I'm writing a ROM-editing tool in C and need to extract some 8x8 tiles from CHR-ROM. First, I want to convert 2pp NES tiles to indexed 8bpp images. Second, I want to render them to an OpenGL canvas so the user can edit them. I haven't learned a lick of OpenGL yet but I just managed to wrap my head around the conversion part. This is my code:
for (y=0; y<8; ++y)
{
a = tile[y+0];
b = tile[y+8];
for (x=0; x<8; ++x)
{
output[y][x] = (((b >> (7-x)) & 1) << 1) | ((a >> (7-x)) & 1);
}
}
This is probably even easier for a compiler to optimize.

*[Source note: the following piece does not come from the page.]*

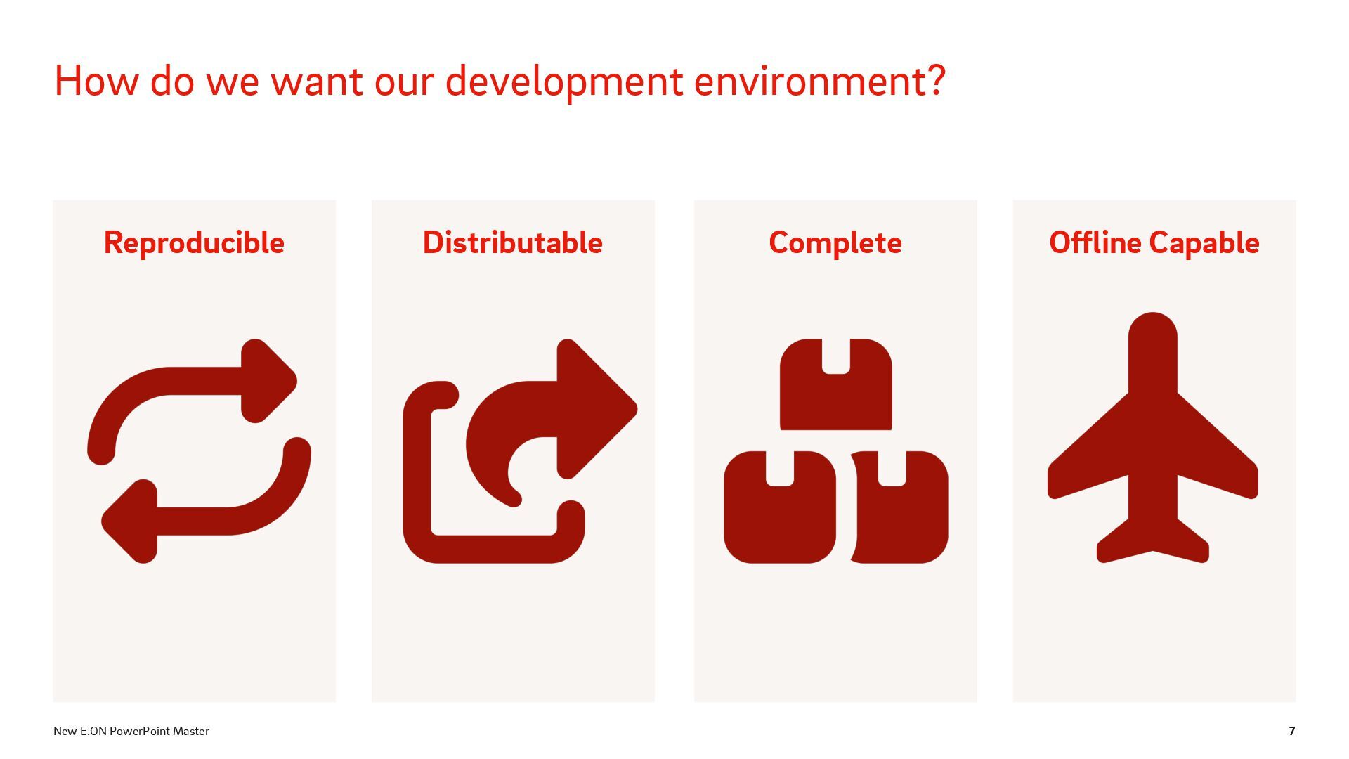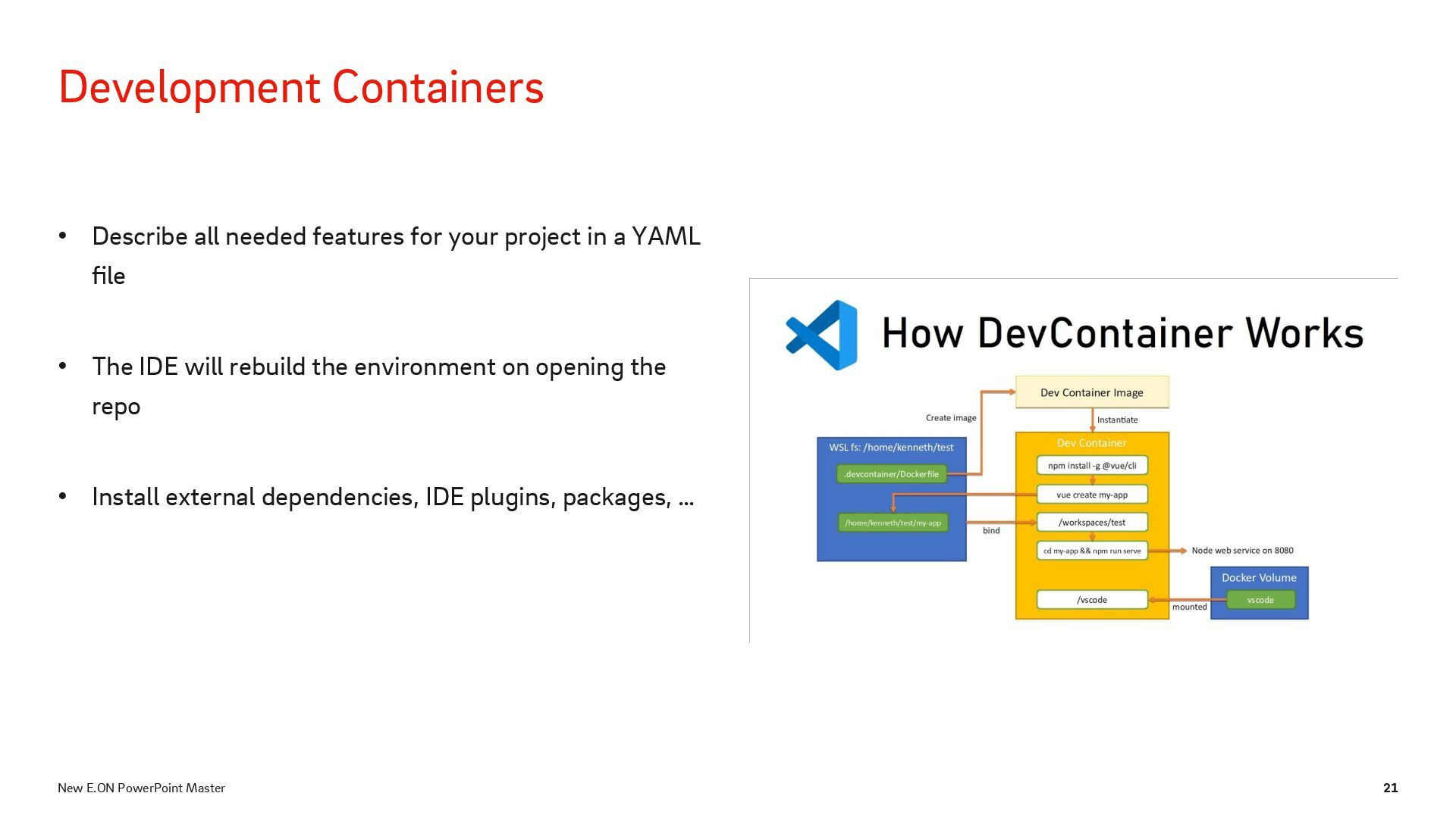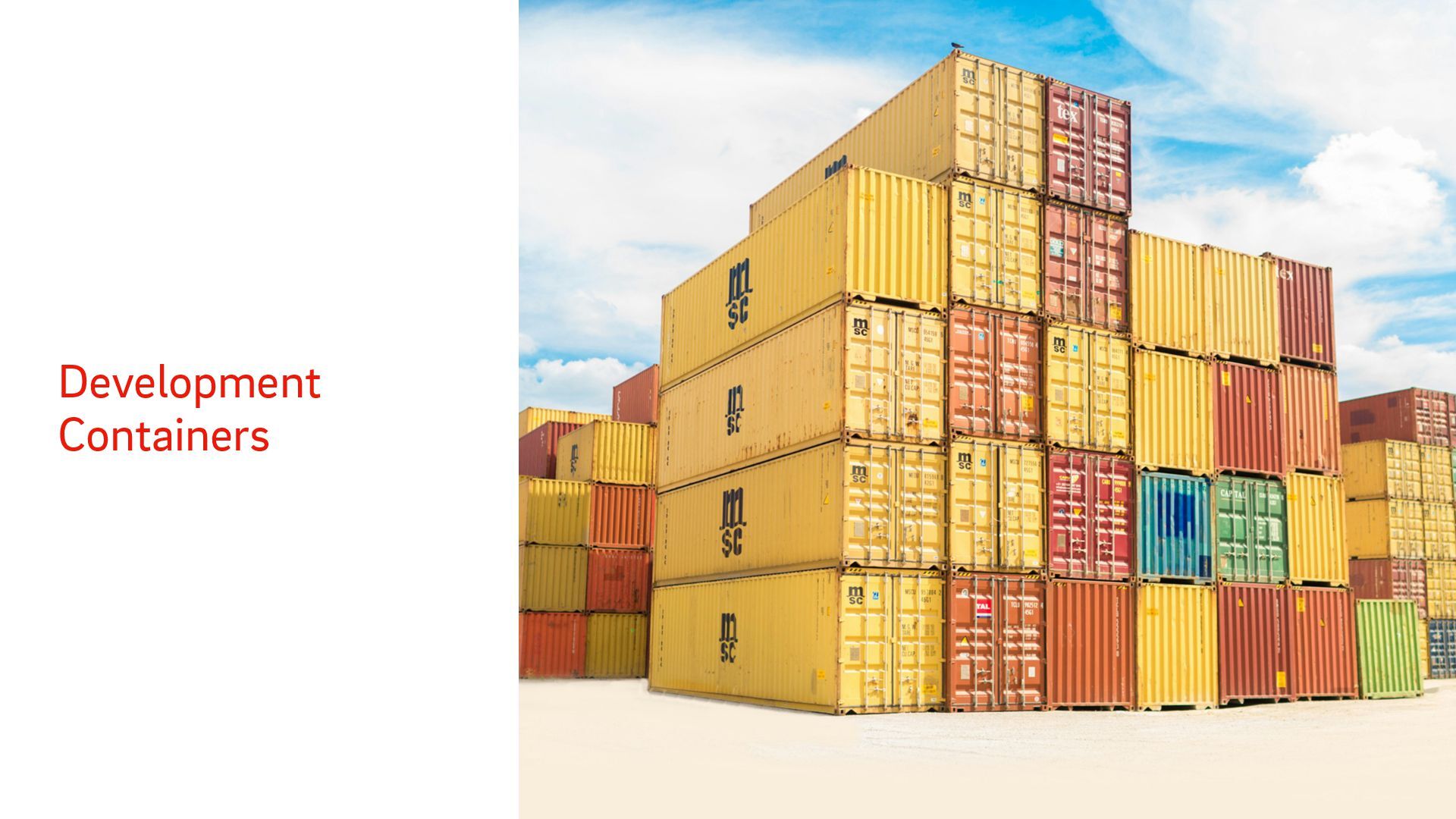 for your project in a YAML file • The IDE will rebuild the environment on opening the repo • Install external dependencies, IDE plugins, packages, … Development Containers

Edit: I was curious so I stuck both examples into the godbolt compiler explorer. I'm kinda surprised, but GCC unrolls the shift-register approach better? Maybe? The practical difference might be marginal, though.
@rainwarrior
Great answer. It took me a minute to digest it (and I had to rotate your output 90 degrees) but it's a very elegant solution. And your hunch was correct. The shift-register approach is approximately 4% faster. Thanks for answering my first question.
@lidnariq
Yikes. I actually came across that standford page while looking for a solution. There's some good stuff in there but it's an overwhelming amount of information! This chr2pgm is a good reference, though.